Description of the task:
With the pictures set aside, write out all of the data exactly as it stands.

Collected material:
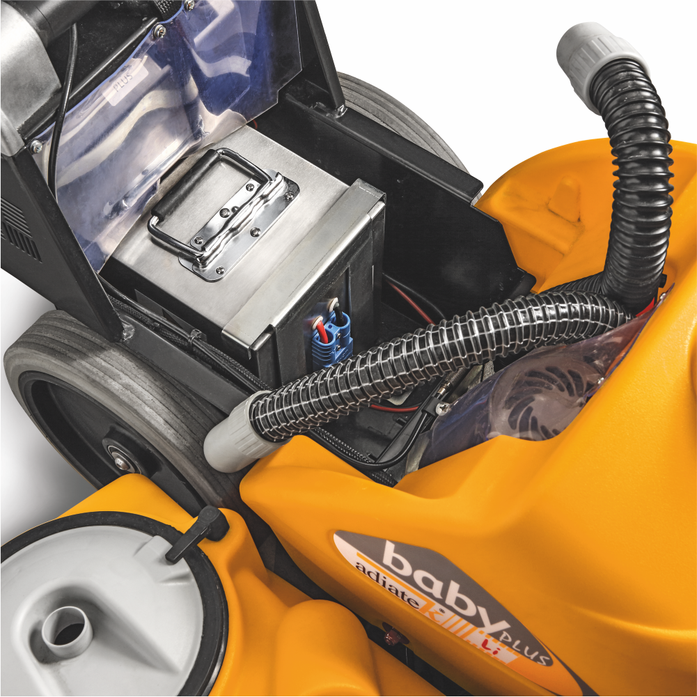 baby plus Li ist mit Lithium Batterien 24V 40 Ah5 und Ladegerät an Bord ausgestattet und kann bei Bedarf nach Entleerung der Batterien mit einem 20m langen Betriebs- und Ladekabel unbegrenzt weiter betrieben und gleichzeitig geladen werden.
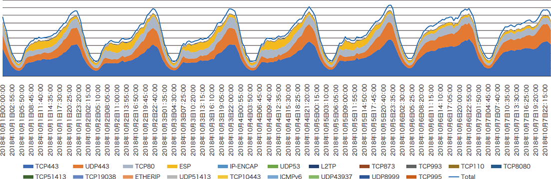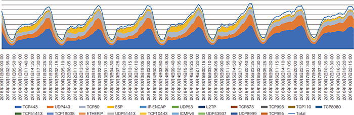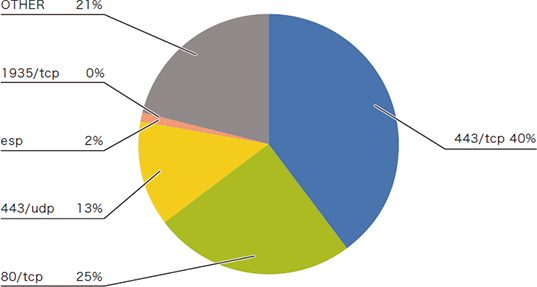 モバイルとブロードバンド、いずれもHTTP関連プロトコル(443/tcp及び80/tcp)が全体の約3/4を占めています。また、443/udpを使うQUICという比較的新しいプロトコルも上位に入っています。なお、QUICの通信先は特定のインターネットサービス事業者に著しく偏りが見られます。興味深いのは、ブロードバンドよりもモバイルの方が443/tcp、つまりはHTTPSの割合が高い点です。モバイル利用者の多くはスマートフォンを使用していると推測されますが、単純にWebページを汎用的なブラウザから閲覧するよりも、ある用途に特化した様々な専用アプリケーションを使う機会が多く、そこで利用されるプロトコルは多くがHTTPSであるのかもしれません。
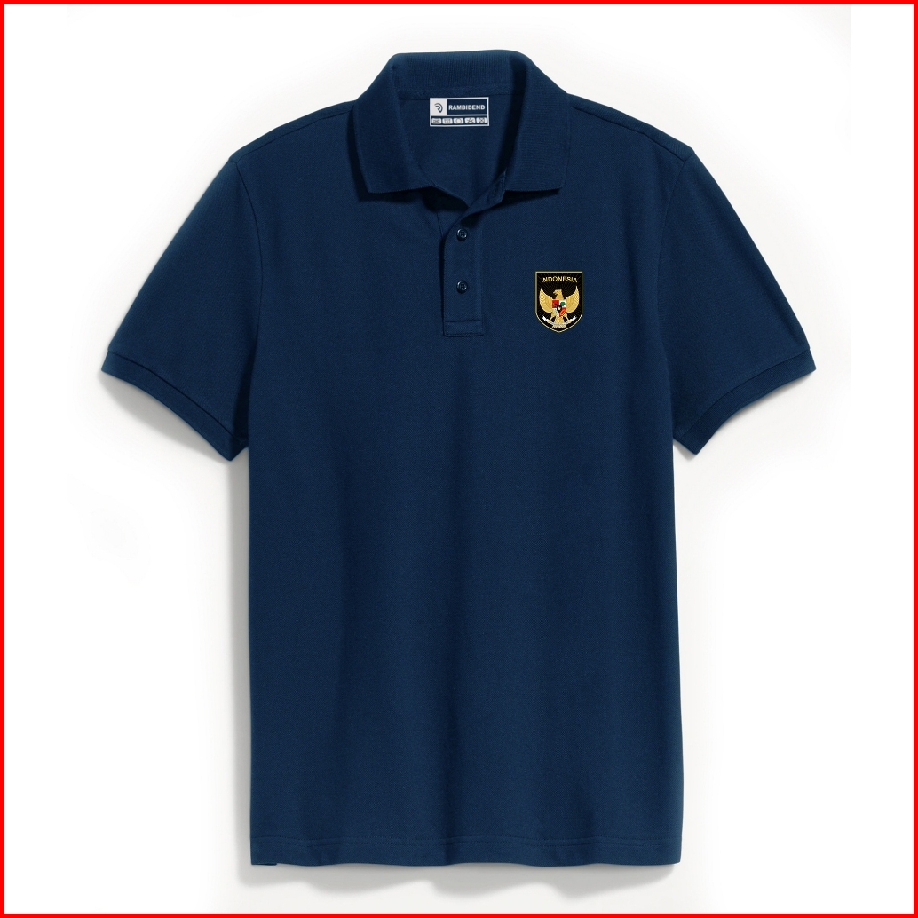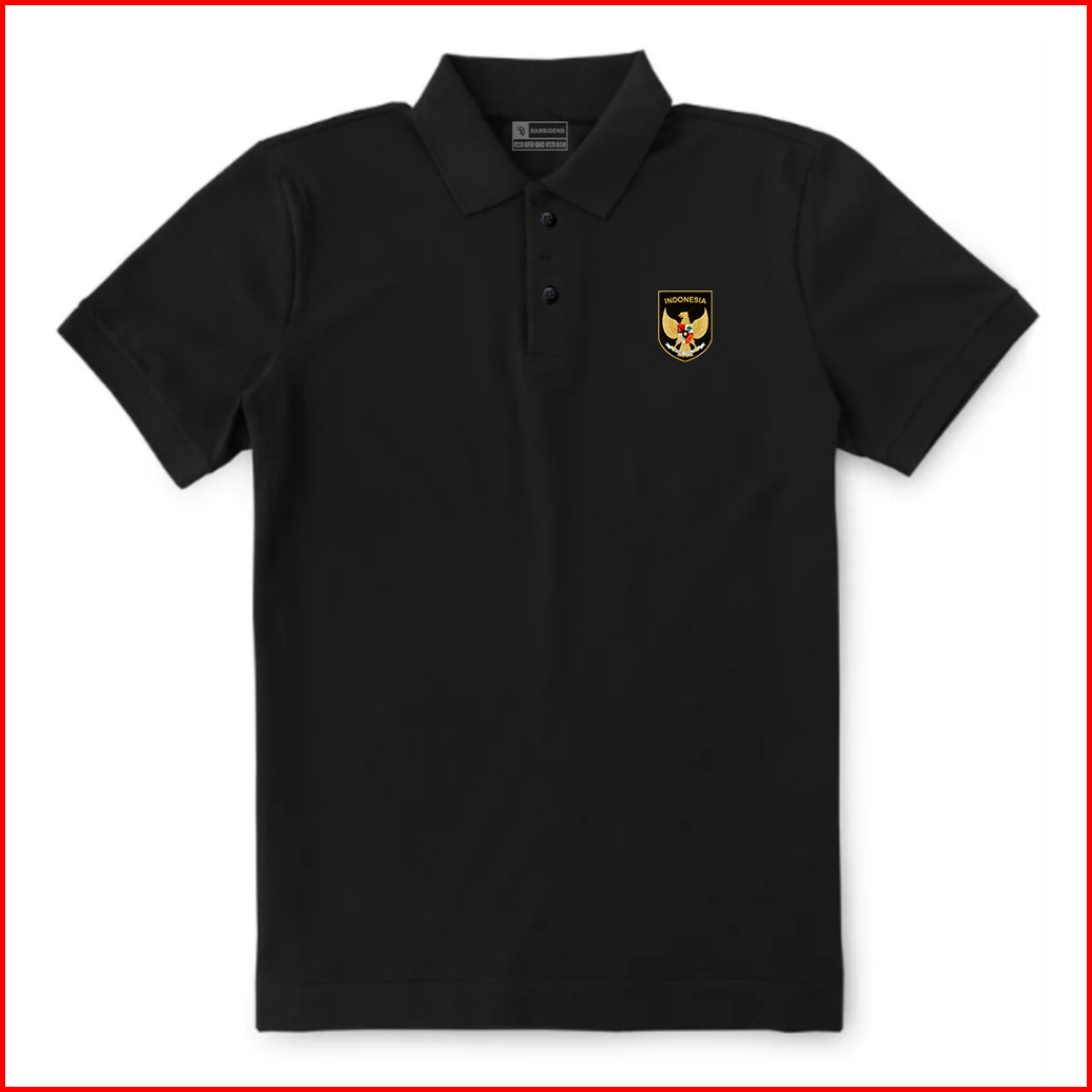Rambidend - Polo Shirt Logo Terkeren T-shirt Baju Santai Baju Kerja Baju Kerah Logo Garuda Indo Hitam

Answer section:
 baby plus Li ist mit Lithium Batterien 24V 40 Ah5 und Ladegerät an Bord ausgestattet und kann bei Bedarf nach Entleerung der Batterien mit einem 20m langen Betriebs- und Ladekabel unbegrenzt weiter betrieben und gleichzeitig geladen werden.
 モバイルとブロードバンド、いずれもHTTP関連プロトコル(443/tcp及び80/tcp)が全体の約3/4を占めています。また、443/udpを使うQUICという比較的新しいプロトコルも上位に入っています。なお、QUICの通信先は特定のインターネットサービス事業者に著しく偏りが見られます。興味深いのは、ブロードバンドよりもモバイルの方が443/tcp、つまりはHTTPSの割合が高い点です。モバイル利用者の多くはスマートフォンを使用していると推測されますが、単純にWebページを汎用的なブラウザから閲覧するよりも、ある用途に特化した様々な専用アプリケーションを使う機会が多く、そこで利用されるプロトコルは多くがHTTPSであるのかもしれません。
Rambidend - Polo Shirt Logo Terkeren T-shirt Baju Santai Baju Kerja Baju Kerah Logo Garuda Indo Hitam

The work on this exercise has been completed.